Over the past few years, she has gotten to know him even better through the Geisel Diversity Council and the medical school’s work in diversity, inclusion, and community engagement. “These interactions have only solidified my first thoughts: that Shawn would be the very last person on the planet to take credit for any of the many amazing things he has done, and that all of us are infinitely better by the fact that he has selflessly done them,” says Henderson.
True to form, O’Leary is quick to deflect the praise that accompanies this distinguished award. “This isn’t so much about me as it is about the people who’ve come before me, from the original group of students who petitioned to establish this office to our current students who put their heart and soul into our programs and activities,” he says. “To me, this award is a celebration of all we’ve done and continue to do together.”

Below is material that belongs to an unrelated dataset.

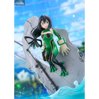 Figurine officielle de Tsuyu Asui en PVC mesurant environ 22 centimètres de haut. Elle est issue de la collection Dressta. Le fabricant est Taito.

When asked what he has been most proud of during his tenure at Dartmouth, O’Leary says: “I’ve seen a culture shift to a higher level of inclusiveness and acceptability of differences that has allowed us to diversify our student body—for the past four years, our incoming classes have been comprised of 25 percent minority students, almost twice the national average of all medical schools. That’s been very exciting to see.”
Established by Dartmouth College, the Martin Luther King Jr. Social Justice Awards recognize members of the Dartmouth and Upper Valley community who have contributed significantly to social justice, peace, civil rights, education, public health, or environmental justice.
The awards are co-sponsored by the Martin Luther King Jr. Celebration Committee, the Office of Institutional Diversity and Equity, the William Jewett Tucker Center, the Dartmouth Center for Service, and Geisel’s Office for Diversity, Inclusion and Community Engagement.